День, когда я встретил Разуваева Павла, был воскресный, тихий, задумчивый. Солнце неярко золотилось в кронах деревьев, и город был как мудрый человек. Я шагал по узкому тротуару мимо фонарных столбов, которые казались мне крепко вбитыми в тугую землю кольями золотоискателей, застолбивших все возможные ответы раз и навсегда. Я хорошо помню большую синюю машину, которая, вынырнув откуда — то из — за спины, резко затормозила, словно споткнулась, смирив бег огромных тяжелых колес, и они покатились неторопливо, как колеса детской коляски на Гоголевском бульваре, когда можно идти рядом и, точно четки, перебирать глазами мерно перекатывающиеся спицы.
— А я ведь уже полгода здесь, — рассказывал он мне, сбиваясь от восторга, — работаю… весной приехал.
— Где работаешь? — спросил я.
— Да, — махнул он рукой, — занимаюсь кое — чем. Адрес твой потерял, понимаешь, а у вас тут даже справочного ни одного не осталось, такие дела. Ты за хлебом? Пойдем зайдем. Жди, Чапа, — сказал Павел кому — то внутрь своего никелированного чуда, похожего на бронетранспортер.
Я накупил на удивление черствых булок, и мы зашагали обратно к подъезду. Черная машина сопровождала нас слева, точно луна в известном романсе, потом припарковалась и замерла, целиком отразившись в луже, образ которой, по странной прихоти коммунальных служб, является для меня одним из самых ранних детских воспоминаний.
— Это кто же такой — Чапа? — спросил я в лифте.
— Это водитель мой, — объяснил Павел. — Чапа его зову.
— Как собаку.
— Мы, Петя, хуже собак. Разве не так?
— Пожалуй, — согласился я, чтобы никого не обижать.

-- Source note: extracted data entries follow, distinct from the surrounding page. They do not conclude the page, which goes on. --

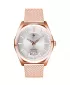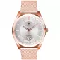 Tmavosivý ciferník upúta originálne pojatou dátumovkou a zlatými ručičkami. Puzdro je vyrobené z ušľachtilej ocele a hodinky sa pripínajú milánskym ťahom, ktorý je obľúbený pre svoju prispôsobivosť každému zápästiu, bez nutnosti odborného skracovania. Oceľ je ošetrená PVD povrchovou úpravou vo farbe ružového zlata. Zaobstarajte si módny doplnok, ktorý podčiarkne vašu osobnosť.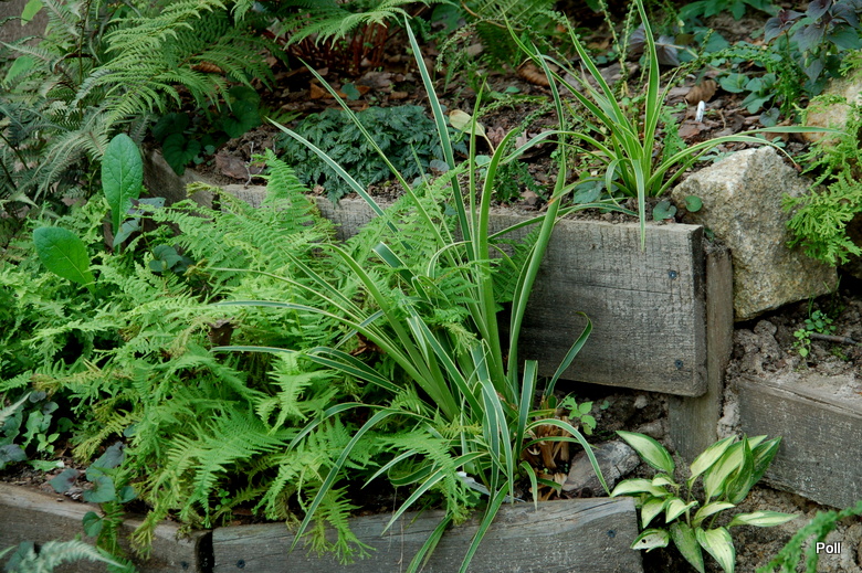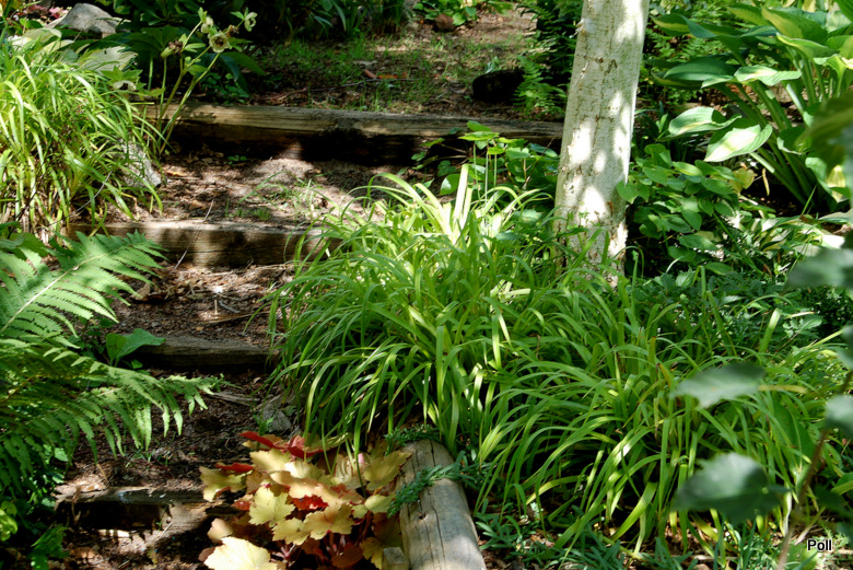 Tak na marginesie, to jestem szczęśliwa, że istnieje taka żółta trawa, która potrafi rosnąć w cieniu a nawet tego cienia potrzebuje, by nieźle wyglądać. Próbowałam uprawy różnych traw na hostowiskach np kłosownicy leśnej ( jak to napisał Paweł, chyba Bóg mnie opuścił, gdy ją sadziłam 2smiech ), ale miały więcej wad, niż zalet i zawsze sprawiały jakieś kłopoty. Tylko ta luzula i hakonechloe są bezproblemowe i nadają nieco lekkości hościano-paprocianym nasadzeniom.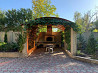 территория участка благоустроена и разделена на несколько зон: есть ландшафтная зона с водоёмом и имитацией родника, беседка с мангалом, зона для выращивания растений, парковка и другие удобства. за дворовая территория включает асфальтированную парковку, мини-рощу, газон, спортивную и детскую площадки.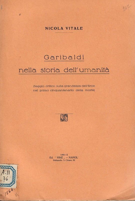 Garibaldi nella storia dell'umanità. (Saggio critico sulla grandezza dell'eroe nel primo cinquantenario della morte).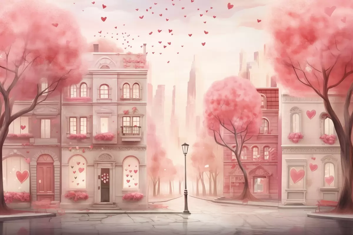 Maalid Romantiline roosa tänav südamega Nr s43324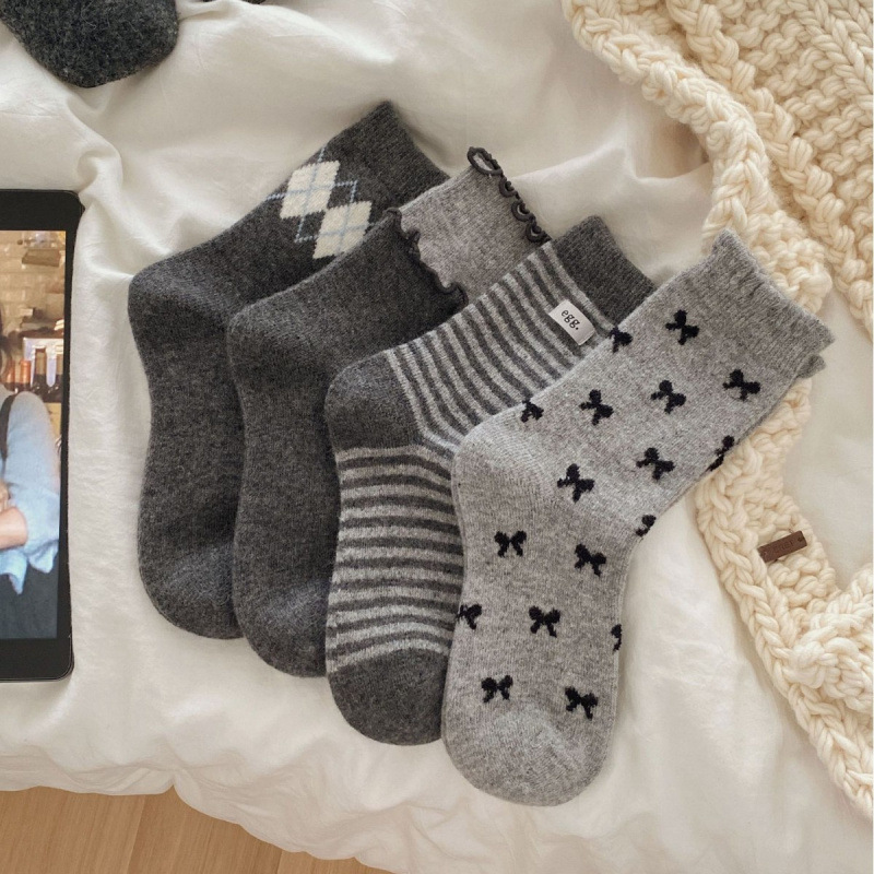 韩系加厚绵羊毛格雷系灰色中筒袜布标蝴蝶结菱格双木耳边堆堆袜

В армейской дружбе есть что — то звериное и не требующее слов. Можно просто сидеть рядом и смотреть в разные стороны, ощущая при этом всю палитру общения. Он допил чай и еще раз внимательно обследовал мое жилище. Вместе с ним мои глаза не без некоторого удовлетворения проделали путешествие по голым стенам, пыльным и беспорядочным грудам книг, а оттуда к лампочке без абажура и к одежному шкафу, три створки которого были истыканы ножом, словно бедра святого Себастьяна стрелами злобных святотатцев, — путешествие, которое мои глаза свершали ежедневно по нескольку раз в минуты суровых раздумий.

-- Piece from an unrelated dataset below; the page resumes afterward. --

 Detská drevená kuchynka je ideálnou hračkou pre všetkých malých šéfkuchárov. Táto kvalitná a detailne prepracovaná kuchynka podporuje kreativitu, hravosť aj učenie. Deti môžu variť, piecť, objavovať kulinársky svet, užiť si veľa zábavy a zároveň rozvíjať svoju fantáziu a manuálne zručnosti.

Я отлично знал, что для него занятия, подобные моему, были чем — то вроде телевизионного сообщения, что английская королева родила пару мышат, а далай — лама принял крещение по православному обряду, и — подозреваю — если бы не некоторые обстоятельства нашей совместной двухгодичной повинности, он бы недоумевал, как, зачем и для чего такие люди вообще живут на свете. Думаю, ничего против он не имел, потому что нельзя же быть против травы, которая произрастает далеко от твоей газонокосилки; к тому же волки червей не едят. С другой стороны, зная меня, он невольно допускал, что те занятия, которым я предаюсь, могут иметь какой — то смысл — пусть даже и самый ничтожный, однако вникать в него — значило совершать преступление против человеческой природы.